The Seattle School of Theology & Psychology is pleased to welcome renowned author, theologian, and wilderness mystic David Whyte for our 2018 Alumni Lecture Series. Whyte is a world-renowned poet whose work weaves together a surprising and thoughtful spirituality, grounded in the landscape and history of the places he has called home.

This year’s event, on Saturday, March 3, will include an afternoon workshop, “The Practice and Poetry of Listening in Place,” followed by an evening presentation, “The Pilgrim Way: Taking the Path of Risk and Revelation.”

Each year during the Alumni Lecture Series, the featured guest co-leads a portion of the event with an alumnus of The Seattle School. This year, David Whyte will be joined by Mary DeJong (MA in Theology & Culture, 2017) to facilitate the afternoon workshop. David and Mary will invite conversation about listening deeply to the places that create our homescapes and bioregions. The interactive workshop will explore how learning the stories of the land around us can create an imagination for how to mutually belong within these places.

This practice of listening is a ritual that connects us to the great belonging within the community of creation, and also invites the Spirit to break in afresh, posturing us toward possibilities of a flourishing future. These are acts of remembrance and re-membering, practices that remind us of our interrelationship with the more-than-human world and bring us back into membership within this assembly.

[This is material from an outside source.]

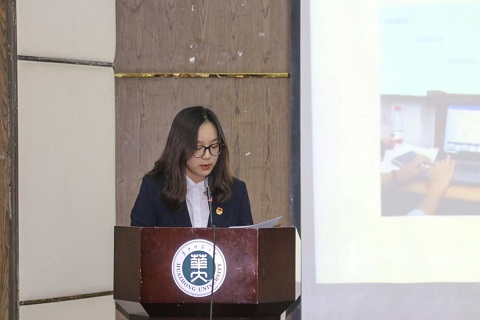 钱肖凡在发言中指出,社会学院团委、学生会始终秉持“让团委、学生会成为像家一样的存在”的理念,牢记“求实创新、立德树人”的校训,弘扬“忠诚、博雅、朴实、刚毅”的华师精神,创造博爱、博学、博雅的“三博”文化,努力加强思想道德建设,打造优良学风,全心全意为学生服务。最后,甄诚充分肯定了团委、学生会的成长和工作成果,做出了拓展性的总结。他指出,团委、学生会积极响应党和国家的号召,深化团学内部改革,学习共青团理论,构筑坚实的思想堡垒。他说道:“事业是要有人开拓的。”他希望团学的各部门能勇于尝试,争做开拓者和建设人。

The practice of listening in place will ultimately draw forth sorrow and lament, especially when we begin to attune to the silence of the beings that are no longer there. How do we respond when the natural world no longer functions with resilience, when the bird’s song is still and the forests no longer refresh after the fires? Where is the habitat of hope when the ice melts, the seas rise, and the forests burn? Can we find it in the silence? Will the still small voice call from within the wilderness, calling us to lean deeper into the silence and there find our true belonging?

Later, David will lead an evening session in which he will look at the great questions of human life through the eyes of the pilgrim. Learn more and register for “The Pilgrim Way: Taking the Path of Risk and Revelation.”

Workshop attendees receive free admission to the evening session.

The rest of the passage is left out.